How to do it...

Let's preprocess the raccoon dataset and build an object localization model:

Our dataset contains images of different sizes. Let's fix the image's width and height and initialize a few other parameters:

image_channels = 3
batch_size = 15
image_width_resized = 96
image_height_resized = 96
model_name = "raccoon_1_"

Now, we rescale the coordinates of the bounding box according to the new image dimensions:

labels$x_min_resized = (labels[,'xmin']/(labels[,'width']) * image_width_resized)%>% round()
labels$y_min_resized = (labels[,'ymin']/(labels[,'height']) * image_height_resized)%>% round()
labels$x_max_resized = (labels[,'xmax']/(labels[,'width']) * image_width_resized)%>% round()
labels$y_max_resized = (labels[,'ymax']/(labels[,'height']) * image_height_resized)%>% round()

Let's display the resized version of the same example we plotted earlier in the Getting ready section of this recipe:

x <-labels[labels$filename == 'raccoon-1.jpg',]
im_resized <- resize(im = im,size_x = image_width_resized,size_y = image_height_resized)
plot(im_resized)
rect(xleft = x$x_min_resized,ybottom = x$y_min_resized,xright = x$x_max_resized ,ytop = x$y_max_resized,border = "red",lwd = 1)

The following screenshot shows the resized version of the same sample image that we plotted in the Getting ready section of this recipe:

Now, we split the data into training, validation, and test datasets:

X_train <- labels[1:150,]
X_val <- labels[151:200,]
X_test <- labels[201:nrow(labels),]

Let's define a function for calculating the custom metric for our model – intersection over union (IoU).
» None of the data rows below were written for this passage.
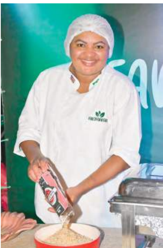
A simpática Chef do Azeite e Sal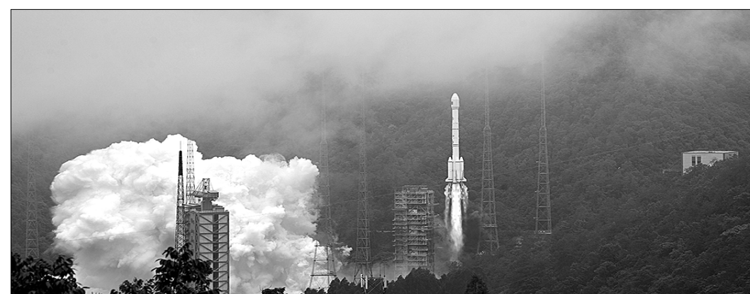
● Успешно запущен последний спутник «Бэйдоу-3».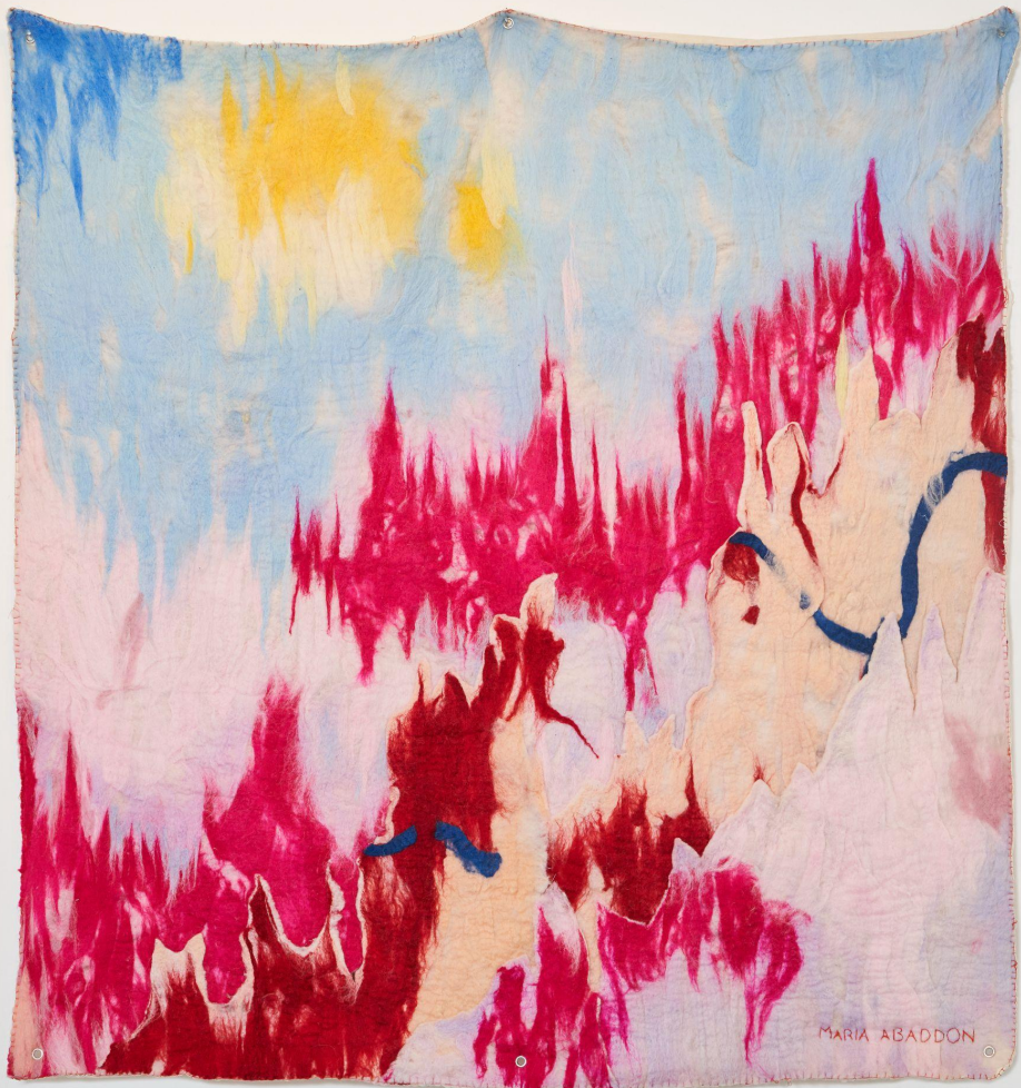
Landscape of destruction 150 x 150 cm wet felt and needle felt 2024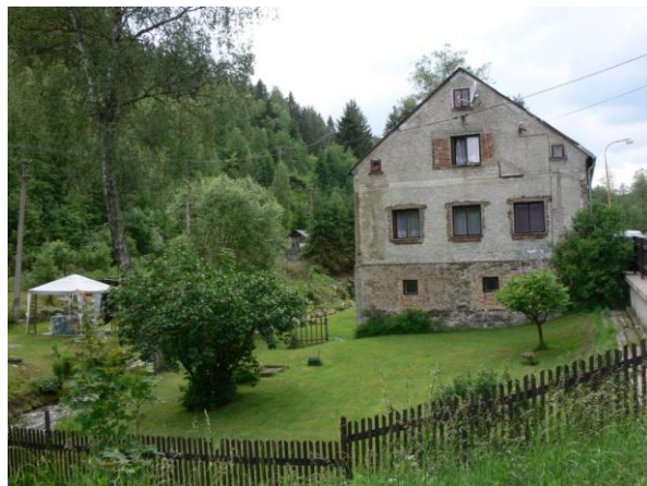
Ohrožené rodinné domy.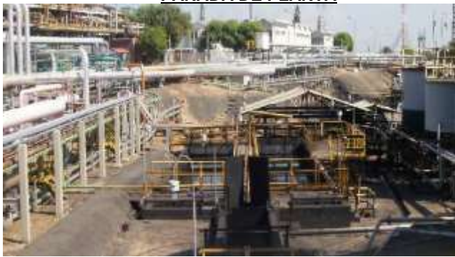
Contrato 3013285 Año 2018 SEP3020

This is the ratio of the intersection over the union of the two bounding boxes, one is the actual bounding box, while the other is the predicted one:

metric_iou <- function(y_true, y_pred) {
 
 intersection_x_min_resized <- k_maximum(y_true[ ,1], y_pred[ ,1])
 intersection_y_min_resized <- k_maximum(y_true[ ,2], y_pred[,2])
 intersection_x_max_resized <- k_minimum(y_true[ ,3], y_pred[ ,3])
 intersection_y_max_resized <- k_minimum(y_true[ ,4], y_pred[ ,4])
 
 area_intersection <- (intersection_x_max_resized - intersection_x_min_resized) * 
 (intersection_y_max_resized - intersection_x_max_resized)
 area_y <- (y_true[ ,3] - y_true[ ,1]) * (y_true[ ,4] - y_true[ ,2])
 area_yhat <- (y_pred[ ,3] - y_pred[ ,1]) * (y_pred[ ,4] - y_pred[ ,2])
 area_union <- area_y + area_yhat - area_intersection
 
 iou <- area_intersection/area_union
 k_mean(iou)
# c(area_y,area_yhat,area_intersection,area_union,iou)
}

Next, we define our model and compile it. Let's instantiate a VGG16 model with the imagenet weights. We will use this as a feature extractor for our model:

feature_extractor <- application_vgg16(include_top = FALSE,
 weights = "imagenet",
 input_shape = c(image_width_resized, image_height_resized,image_channels)
)

Now, we add some layers to VGG16 and build the model:

output <- feature_extractor$output %>%
layer_conv_2d(filters = 4,kernel_size = 3) %>%
layer_reshape(c(4))

model <- keras_model(inputs = feature_extractor$input, outputs = output)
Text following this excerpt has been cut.